EMA, law enforcement say stay off roads, be very careful
Published 9:56 am Monday, August 30, 2021
Hurricane Ida has passed Lincoln County but the danger is not yet over.
Trees, debris and downed power lines in roadways and yards can pose serious hazards.
“Please don’t get on the roads this morning unless absolutely necessary,” Emergency Management Director Chris Reid said Monday.
“There are trees and power lines down throughout the City and County. Crews will be working on cleaning up and restoring power as the threats from the storm pass our area.”
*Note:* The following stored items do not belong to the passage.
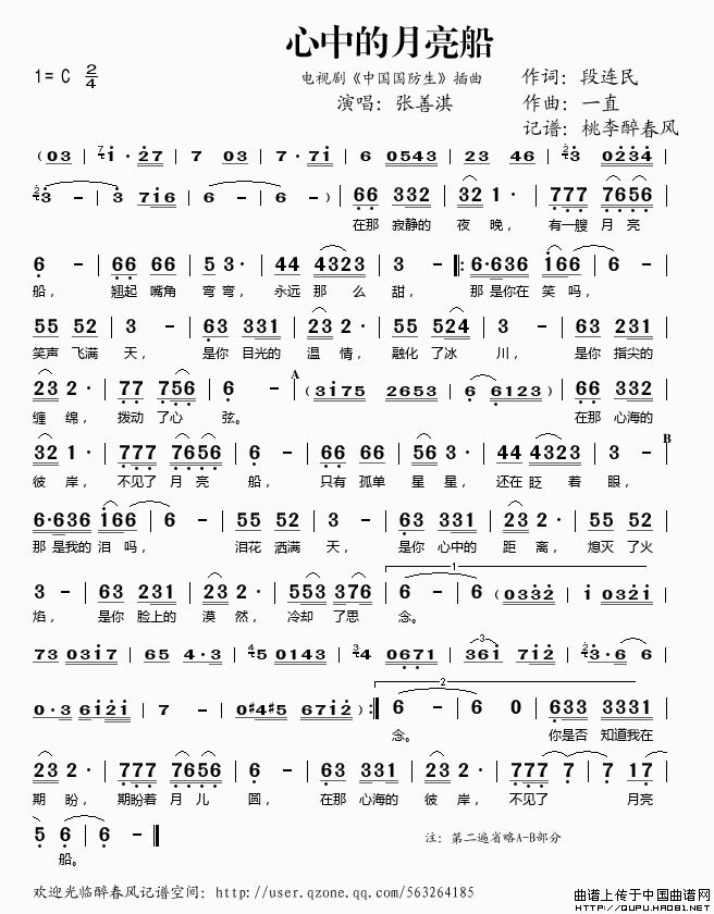 关于《心中的月亮船》曲谱的评论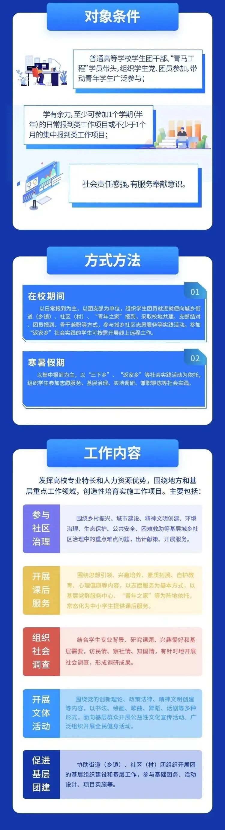 1. 在校期间:以日常报到为主,以团支部为单位,组织学生团员就近就便向城乡街道(乡镇)、社区(村)、“青年之家”报到,采取校地共建、支部结对、团员报到、骨干兼职等方式,参与城乡社区志愿服务等实践活动。参加“返家乡”社会实践的学生可按需开展线上远程工作。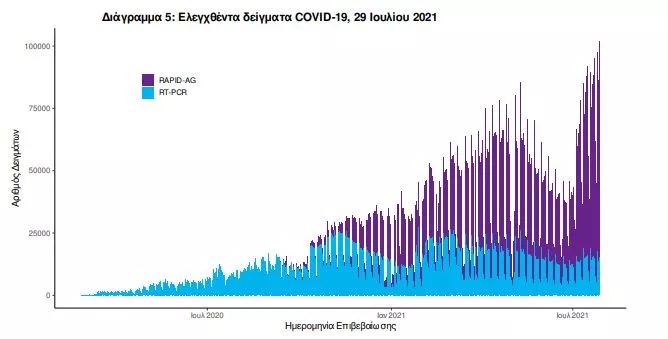Mαζικές Δειγματοληψίες ΕΟΔΥ: Στις 28 Ιουλίου 2021, πραγματοποιήθηκαν 137 δράσεις δειγματοληπτικών ελέγχων από τις Κινητές Ομάδες Υγείας (ΚΟΜΥ) του ΕΟΔΥ, στις οποίες διενεργήθηκαν 30.904 έλεγχοι Rapid Ag και ανευρέθηκαν 503 θετικά (1,63%).

Mississippi Highway Patrol, Brookhaven Police Department and Lincoln County Sheriff’s Office also urged motorists to stay off the roads except in case of emergency.
Entergy gave the following post-storm tips:
- Stay away from downed power lines and areas of debris. Energized power lines may not be visible among the rubble. Report downed lines immediately to Entergy at 1-800-ENTERGY and call your local police station or fire department.
- Return home only when authorities advise it, and drive only on roadways and bridges that have been declared passable.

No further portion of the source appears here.